Behind the scenes: Off Life magazine
Off Life is a magazine on a mission. Its aim is to introduce more readers to the indie comics community, and so it publishes illustrations and stories by big name artists alongside the work of up-and-coming talent, and gives the whole thing away for free both in print and online.
As issue 12 hits the streets of Bristol, Bath, Cardiff and London, I caught up with co-founder Daniel Humphry to ask why he started the street press institution, and to find out whether he’d ever add a cover price.
Why did you choose to publish Off Life as a free sheet?
We had the initial idea back in 2012 when I’d just moved back from Melbourne and my friend Steve (the art director) had got back from travelling across South East Asia and America. We both wanted to start a project, and street press – free magazines you’d find in bars – felt like a sneaky back door into publishing our own magazine. Back then, the only street press magazines we could find were ‘what’s on’ or music listings, which are great, but not the most inventive genre. Where we’d been, you’d find sport magazines, philosophy mags, art mags, all free in bars and galleries. And we wanted to bring a bit of that back to the UK – it was just a question of finding the right content.
So we’d sit in bars to see what people did with these magazines – they’d pick them up, look at a page for 20 seconds, flick through front to back and then their friend would turn up and they’d go to the bar. We thought comics would be a perfect medium for this model, because the way people read them doesn’t need a huge attention span. And I think the world of free sheets has definitely boomed – there’s much more variety these days, and good quality too.
Does Off Life still hold the same aim as it did when it started out?
Yes! We began with the idea of rejuvenating street press, and we also wanted to bring independent comics to a bigger audience, something I thought was undervalued then and probably still is a bit under-served. Comics and artists don’t have the platform they need or deserve. That was our aim then and it still is now.
People keep asking us when we’re going to turn into a paid-for magazine but I think we’d be betraying our goals.
So you can’t ever see a day when you put a cover price on Off Life magazine?

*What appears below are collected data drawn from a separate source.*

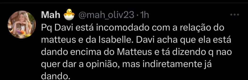 Davi imediatamente respondeu que não queria se intrometer: “Tem como vocês me tirar desse assunto?”, pediu o baiano. Isabelle mostrou estar triste e não pediu mais a opinião do aliado.
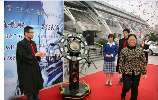 最后,王宇航副书记转动标志着“法海起航”正式开始的舵盘,为我校第十二届“法律文化节”暨“六五”普法活动拉开序幕。
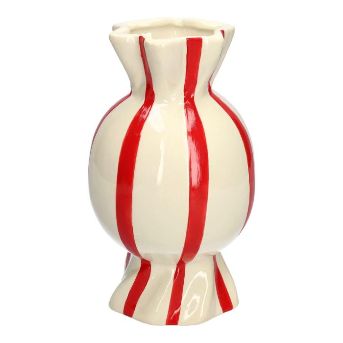Bulbous single flower vase in the shape of a sweet AMIEL made of ceramic, with vertical stripes, red-white, 10"/24,7cm, Ø5.5"/14cm
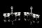 Coppia di saliere doppie in argento, con vaschette di forma ovale raccordate...
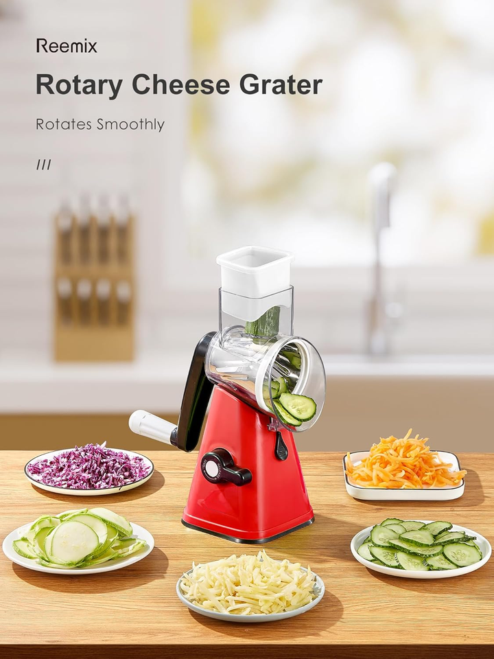 Rotary Cheese Grater with Handle Vegetable Shredder with 3 Blades Strong Suction Base Round Mandoline Slicer Food Chopper
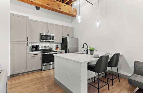 Enjoy a short walk to Busch Stadium for Cardinals games, take in the sweeping views of the iconic Gateway Arch, or attend major events at the convention center just two blocks away. After a day of exploring, relax in your private retreat featuring high ceilings, modern furnishings, and all the comforts of home — including a fully equipped kitchen, fast Wi-Fi, and remote self check-in.
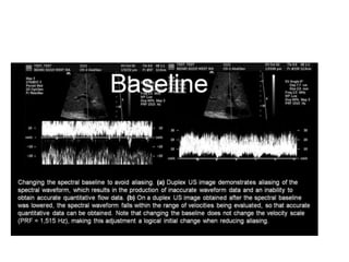2) Important spectral Doppler parameters that affect measurements include the baseline, Doppler angle, and velocity scale. The baseline and velocity scale must be optimized to prevent aliasing, while the Doppler angle should be corrected to compensate for inaccuracies introduced by non-parallel ultrasound beams.
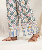 These wide legged trousers are roomy and most comfortable. The exaggerated cuffs with arch print make these a statement pair. Side pockets.

No. I think it would betray the whole reason we started. We’re there to serve the artists and give them space, and if we start making cover price money off the back of them, then that makes things a bit awkward. The magazine feels like a two-way space; they give us the artwork, and we create a platform for them.
If we did add a cover price, we wouldn’t be serving a wider audience. I like the idea of someone who’s never read an indie comic picking it up in a bar and taking it away with them. I’d wonder if that would happen if we were asking them to pay £3 or £4.
Have you found it easier to get big name contributors as Off Life has grown?
We were lucky from the start, but as it’s got bigger and we’ve been featured in more places, we’ve been able to get some decent-name European and American talent. It all goes back to comic artists having fewer platforms on the indie front to get people’s attention. Outside of comic shops, there aren’t that many places for them to show off their work.
Off Life is submissions-based – we get between 100-200 per issue, from people making their first comics to bigger names sending their work in. It’s always a bit daunting, not knowing exactly what’s coming to us four weeks before we go to print. But that’s what makes putting the magazine together so exciting.
We’ve always wanted the magazine to be a reflection of what’s happening in the indie comic scene at that moment, so printing a month after the submission deadline does feel like we’ve made it a true reflection of that moment.
This is the last issue of Off Life for 2015. We’re beginning to put together the Yellow project we’ve been working on, in which 52 artists have been illustrating 52 weeks of news since last November. It’s a weekly digital piece that’s going to be collected into a beautiful book come late November. So we’ve moved into illustration as much as comics, and books as much as magazines.
With Off Life, we want to help a scene or a medium, but with Yellow, we wanted to see what artists can bring to traditional news coverage – so there is a much bigger aim to it. But whatever happens with Yellow, there will always be Off Life. It’ll be back at the end of January 2016!